Howard Marks put it nicely when he said that, rather than worrying about share price volatility, 'The possibility of permanent loss is the risk I worry about... and every practical investor I know worries about.' It's only natural to consider a company's balance sheet when you examine how risky it is, since debt is often involved when a business collapses. We note that UnitedHealth Group Incorporated (NYSE:UNH) does have debt on its balance sheet. But is this debt a concern to shareholders?
What Risk Does Debt Bring?
Debt is a tool to help businesses grow, but if a business is incapable of paying off its lenders, then it exists at their mercy. If things get really bad, the lenders can take control of the business. While that is not too common, we often do see indebted companies permanently diluting shareholders because lenders force them to raise capital at a distressed price. Of course, plenty of companies use debt to fund growth, without any negative consequences. The first thing to do when considering how much debt a business uses is to look at its cash and debt together.
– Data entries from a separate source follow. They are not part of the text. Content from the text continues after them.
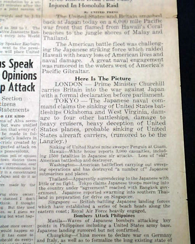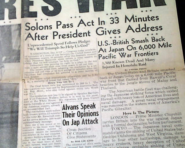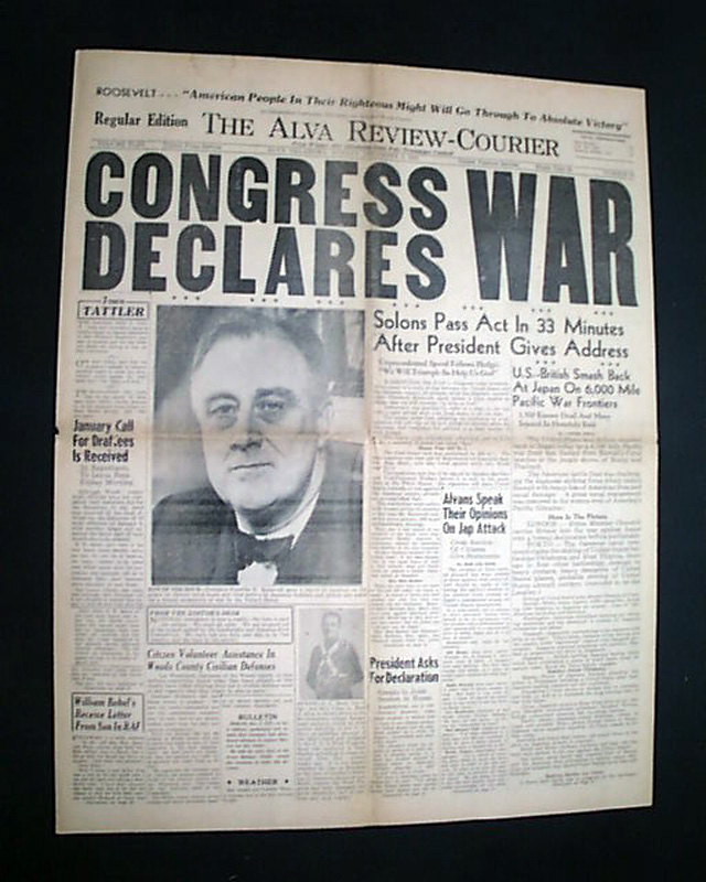 THE ALVA REVIEW-COURIER, Oklahoma, Dec. 8, 1941 the bold, large, banner headline announces America's entry into World War II: "CONGRESS DECLARES WAR" with related subheads and a photo of President Franklin D. Roosevelt.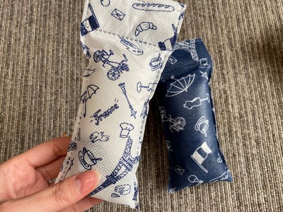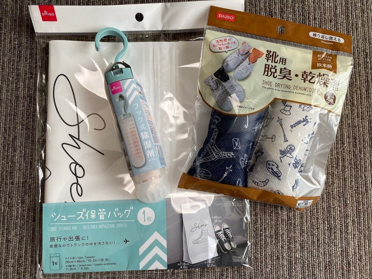 暖かくなると、靴にこもった湿気が気になりますよね。そんなときに使いたいのが、「靴用脱臭・乾燥剤」。白と紺の、プリント柄がかわいい乾燥剤が2個(靴1組分)入っていて、価格は100円。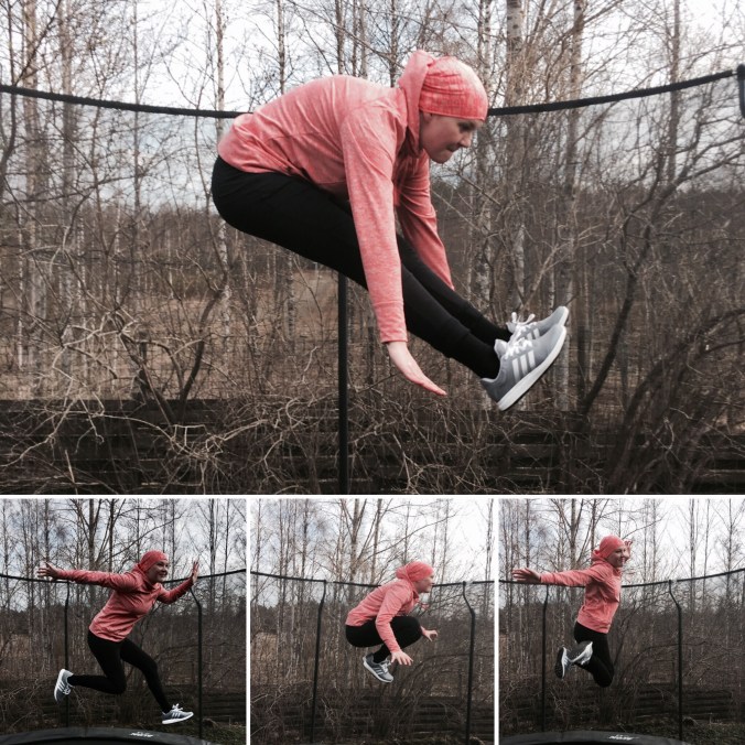 Hyppimisestä innostuneena menin myös trampalle, mutta voi noita surkastuneita lihaksia!!! Mistähän saisi motivaatiota vähän potkia itseä persiille, että saisi nollakunnon nousuun?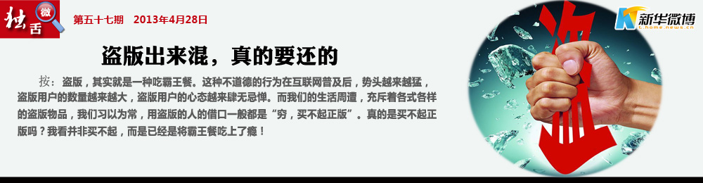 盜版、山寨其實(shí)有苦但難言 猖獗的盜版,低俗的山寨,無(wú)恥的借鑒。是被生活磨去了棱角,被現(xiàn)實(shí)澆熄了熱情,被名利迷失了心志,被成長(zhǎng)掩蓋了純真。
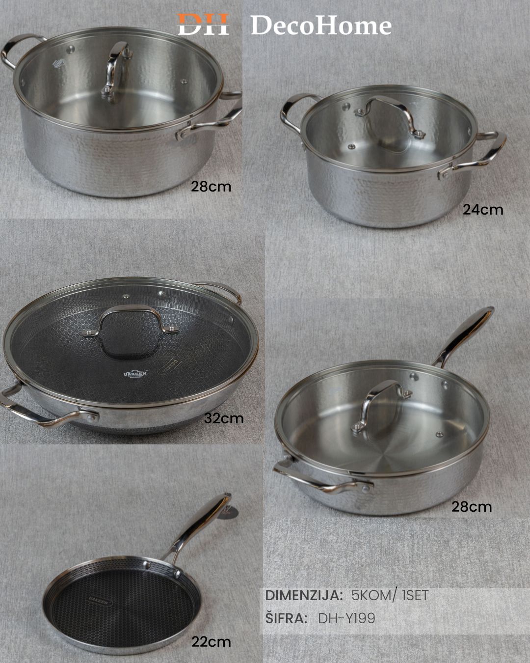 Metalni set šerpe i tiganji sa poklopcima Inox / 5kom - DH-Y199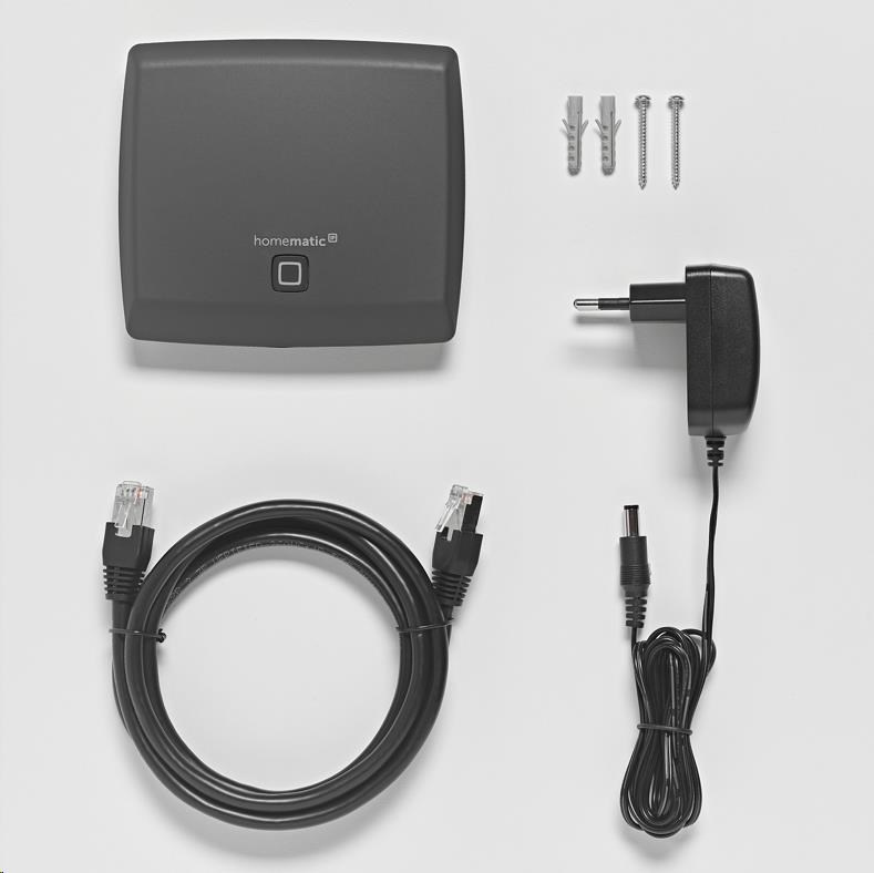 Centrálnu jednotku (HmIP-HAP-A) je pripojená k štandardnému routeru ethernetovým káblom (RJ-45) a slúži ako rozhranie medzi cloudom Homematic IP umiestneným výlučne na serveroch v Nemecku a zariadeniami Homematic IP vo vašej domácnosti.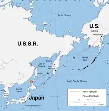 After taking off from Anchorage, the flight was instructed by air traffic control (ATC) to turn to a heading of 220 degrees. Approximately 90 seconds later, ATC directed the flight to "proceed direct Bethel when able".[21][22] Upon arriving over Bethel, Alaska, KAL 007 entered the northernmost of five 50-mile (80 km) wide airways, known as the NOPAC (North Pacific) routes, that bridge the Alaskan and Japanese coasts. KAL 007's particular airway, R-20 (Romeo Two Zero), passes just 17.5 miles (28.2 km) from what was then Soviet airspace off the coast of the Kamchatka Peninsula.
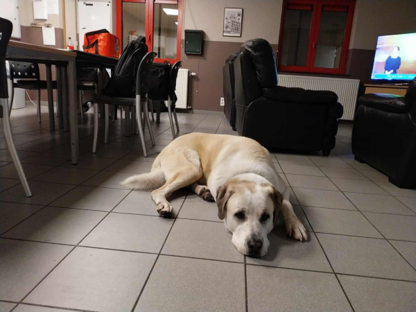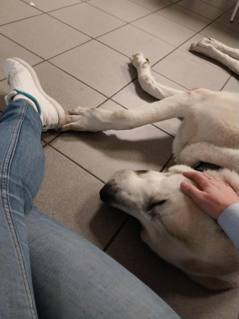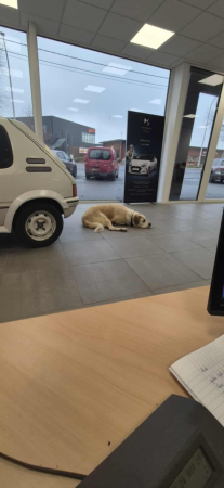 Walace nous accompagne au boulot : il accueille les clients au garage et se fait chouchouter par tout le monde ! Il a également découvert la caserne des pompiers. Il est bel et bien glouton... Pas avec sa gamelle mais la moindre nourriture qu'il repère... Il en fait son affaire. On est obligé de tout cacher et de ne pas manger devant lui... Sinon il réclame notre nourriture. Il n'hésite pas à nous donner sa patte pour qu'on lui donne ce qu'on mange ! Belle soirée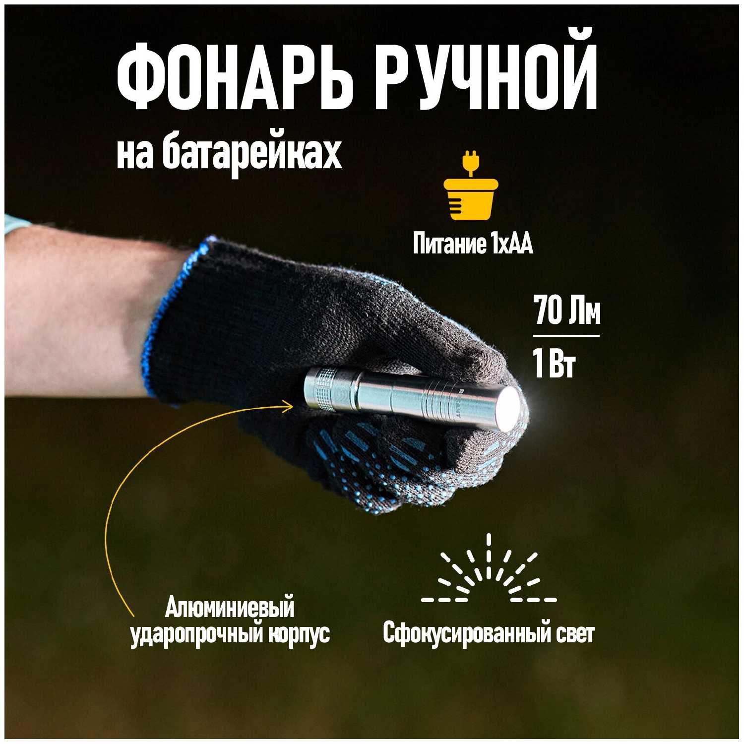 - + фонарик в металле и всего одна батарейка
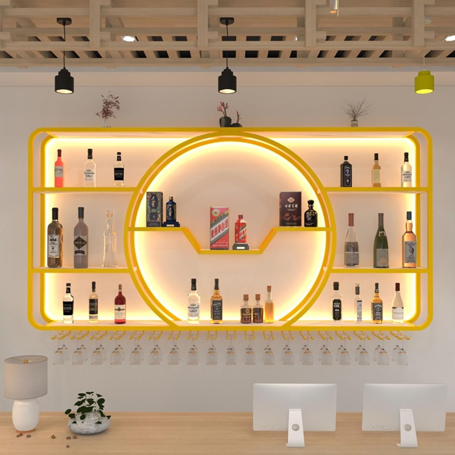 - Broad Application: This wall-mounted wine rack can serve various purposes—kitchen storage, living room display, or wine rack. Our bar wall shelves is perfect for homes, bars, cafes, hotels, restaurants, offices, and high-end clubs.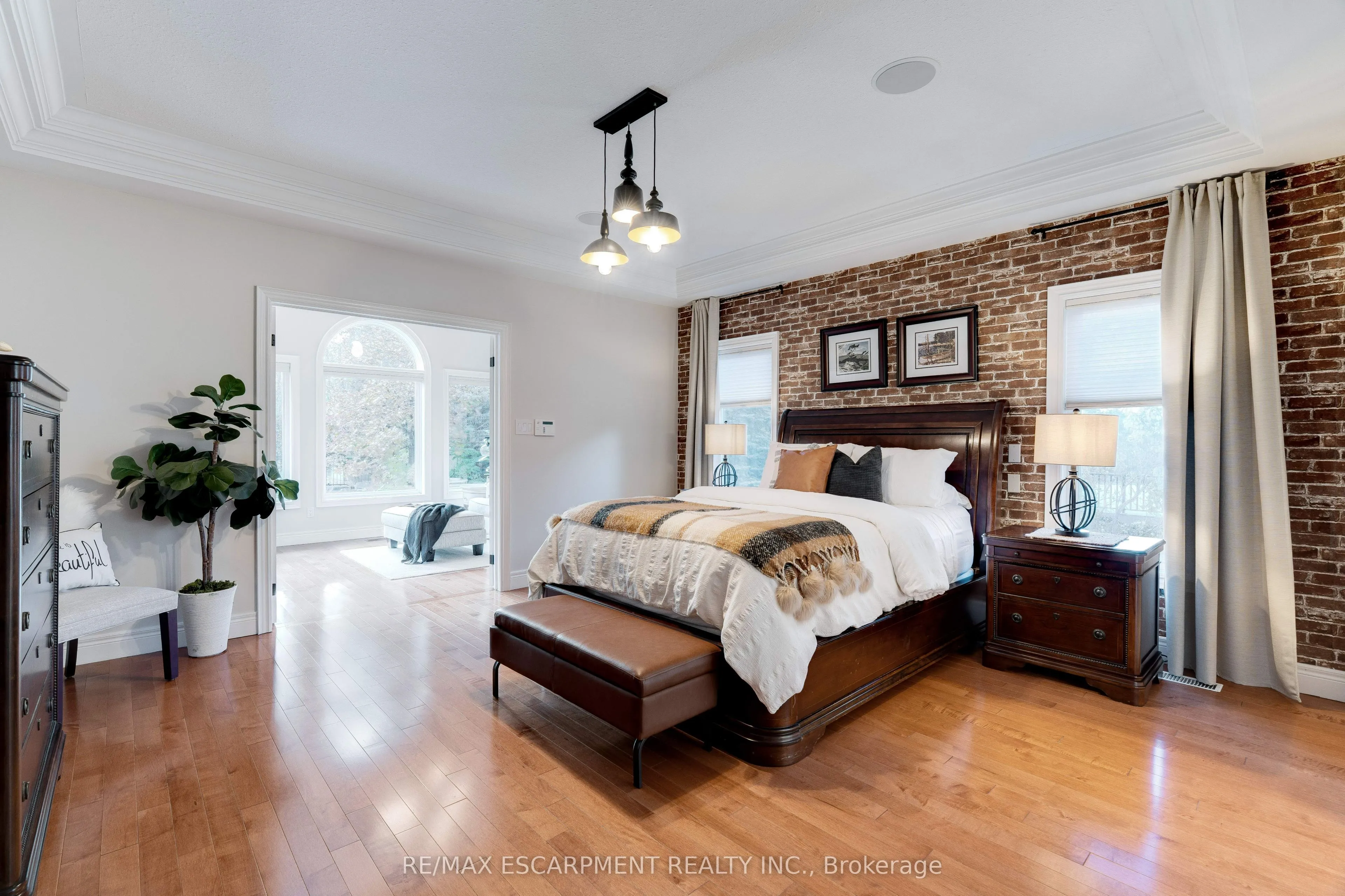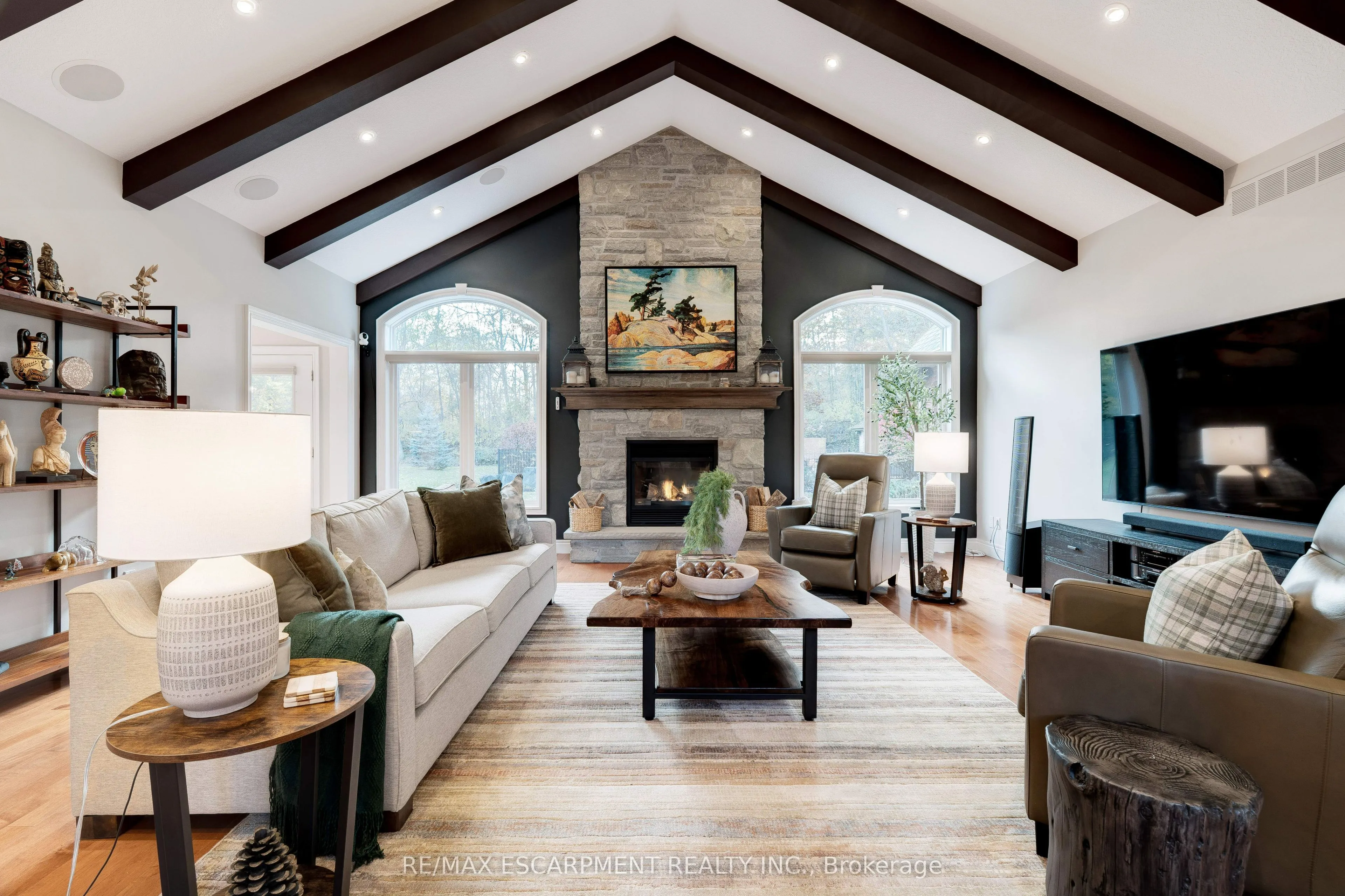 Welcome home! This exquisite, custom Charleston-built 1.5-storey dwelling is nestled on a private, forested half-acre-plus property, offering the perfect blend of luxury and tranquility. The main floor features a desirable primary retreat complete with a sunroom overlooking the private yard and a spa-like ensuite. Gather in the grand great room with its vaulted beamed ceiling and a magnificent 14-foot stone gas fireplace, or relax in the separate den/office, which also boasts vaulted ceilings and a fireplace. The spacious dining room seamlessly connects these living spaces, leading into the bright and spacious island-equipped kitchen. The upper level offers two bedrooms with a Jack and Jill bath in addition to another generous sized room with a full ensuite. The lower level is beautifully finished with high ceilings, a stone fireplace, a three-piece bath, and an additional bedroom. Step outside to your dream backyard oasis. This western-setting retreat features a stunning saltwater pool with a stone waterfall, a full cabana with a bar and dedicated bathroom/change room, a cozy gazebo, and ambient landscape lighting. This wonderful property is ready for your family to move in and enjoy!

What Is UnitedHealth Group's Debt?
As you can see below, at the end of June 2024, UnitedHealth Group had US$75.1b of debt, up from US$65.6b a year ago. Click the image for more detail. However, it also had US$31.3b in cash, and so its net debt is US$43.8b.
A Look At UnitedHealth Group's Liabilities
We can see from the most recent balance sheet that UnitedHealth Group had liabilities of US$104.7b falling due within a year, and liabilities of US$82.2b due beyond that. On the other hand, it had cash of US$31.3b and US$49.9b worth of receivables due within a year. So its liabilities outweigh the sum of its cash and (near-term) receivables by US$105.6b.
Of course, UnitedHealth Group has a titanic market capitalization of US$552.3b, so these liabilities are probably manageable. Having said that, it's clear that we should continue to monitor its balance sheet, lest it change for the worse.
We measure a company's debt load relative to its earnings power by looking at its net debt divided by its earnings before interest, tax, depreciation, and amortization (EBITDA) and by calculating how easily its earnings before interest and tax (EBIT) cover its interest expense (interest cover). The advantage of this approach is that we take into account both the absolute quantum of debt (with net debt to EBITDA) and the actual interest expenses associated with that debt (with its interest cover ratio).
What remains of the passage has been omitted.